Planning Responsibly and Equitably in Pierce County

Pierce County Transit Bus on a sunny fall day

Futurewise has appealed a new zoning regulation in Pierce County that would allow shared housing developments and modify the density bonuses in the Residential Resource zones in the Parkland, Spanaway, and Midland subarea. This zoning amendment would allow large shared housing developments, including those for people experiencing chronic homelessness, to be constructed in isolated, environmentally sensitive areas, far away from the resources and services necessary to adequately support our most vulnerable neighbors.

Futurewise appealed this zoning amendment to the Growth Management Hearings Board because we believe these changes are not compliant with the goals of the Growth Management Act, or with our goals to work for sustainable, equitable and long-term solutions to end homelessness.

Futurewise is deeply committed to finding short-term and permanent housing solutions for our houseless neighbors. That’s why we worked in 2021 to pass HB 1220, an update to the state Growth Management Act that requires local jurisdictions to allow homeless shelters and permanent supportive housing in any neighborhood that is zoned for similar residential uses. HB 1220 also requires local jurisdictions to adopt housing plans that accommodate homes for people at every income.

We believe that everyone in our state deserves to live in a community where they are connected to jobs, schools, and the resources they need to survive and thrive. We understand that the root cause of homelessness is a shortage of places for people to call home, and we are working at the state and local levels to adopt new policies that increase the supply of housing. All our housing work is grounded in our commitment to ensuring that we’re planning responsibly for growth, and adding new density in areas that are best suited to accommodate more people.

Unfortunately, the zoning amendment adopted by Pierce County doesn’t reflect these values and goals. First of all, we believe that new housing needs to be built in areas that are well-connected to jobs and services. We especially believe that people experiencing homelessness deserve to have permanent homes in neighborhoods where they can easily access the resources and services they need to thrive long-term. Instead the amendment adopted by the Pierce County Council incentivizes increased density in the lowest-income area of unincorporated Pierce County, prioritizing sprawl over connectivity. Additionally, the zoning amendment applies to the Residential Resource zone which includes aquifer recharge areas, streams, wetlands, and fish and wildlife habitats. Allowing large, higher density in these areas negatively impacts on the environment and because of the necessary mitigation, also increases the costs of construction of more affordable housing.

Futurewise is committed to being a partner in our state’s fight to end homelessness. We look forward to working with local non-profit and government partners in Pierce County to find an equitable solution.
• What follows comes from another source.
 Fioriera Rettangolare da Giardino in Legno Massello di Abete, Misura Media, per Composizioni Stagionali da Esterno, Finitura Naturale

Planning Responsibly and Equitably in Pierce County

Pierce County Transit Bus on a sunny fall day

Futurewise has appealed a new zoning regulation in Pierce County that would allow shared housing developments and modify the density bonuses in the Residential Resource zones in the Parkland, Spanaway, and Midland subarea. This zoning amendment would allow large shared housing developments, including those for people experiencing chronic homelessness, to be constructed in isolated, environmentally sensitive areas, far away from the resources and services necessary to adequately support our most vulnerable neighbors.

Futurewise appealed this zoning amendment to the Growth Management Hearings Board because we believe these changes are not compliant with the goals of the Growth Management Act, or with our goals to work for sustainable, equitable and long-term solutions to end homelessness.

Futurewise is deeply committed to finding short-term and permanent housing solutions for our houseless neighbors. That’s why we worked in 2021 to pass HB 1220, an update to the state Growth Management Act that requires local jurisdictions to allow homeless shelters and permanent supportive housing in any neighborhood that is zoned for similar residential uses. HB 1220 also requires local jurisdictions to adopt housing plans that accommodate homes for people at every income.

We believe that everyone in our state deserves to live in a community where they are connected to jobs, schools, and the resources they need to survive and thrive. We understand that the root cause of homelessness is a shortage of places for people to call home, and we are working at the state and local levels to adopt new policies that increase the supply of housing. All our housing work is grounded in our commitment to ensuring that we’re planning responsibly for growth, and adding new density in areas that are best suited to accommodate more people.

Unfortunately, the zoning amendment adopted by Pierce County doesn’t reflect these values and goals. First of all, we believe that new housing needs to be built in areas that are well-connected to jobs and services. We especially believe that people experiencing homelessness deserve to have permanent homes in neighborhoods where they can easily access the resources and services they need to thrive long-term. Instead the amendment adopted by the Pierce County Council incentivizes increased density in the lowest-income area of unincorporated Pierce County, prioritizing sprawl over connectivity. Additionally, the zoning amendment applies to the Residential Resource zone which includes aquifer recharge areas, streams, wetlands, and fish and wildlife habitats. Allowing large, higher density in these areas negatively impacts on the environment and because of the necessary mitigation, also increases the costs of construction of more affordable housing.

Futurewise is committed to being a partner in our state’s fight to end homelessness. We look forward to working with local non-profit and government partners in Pierce County to find an equitable solution.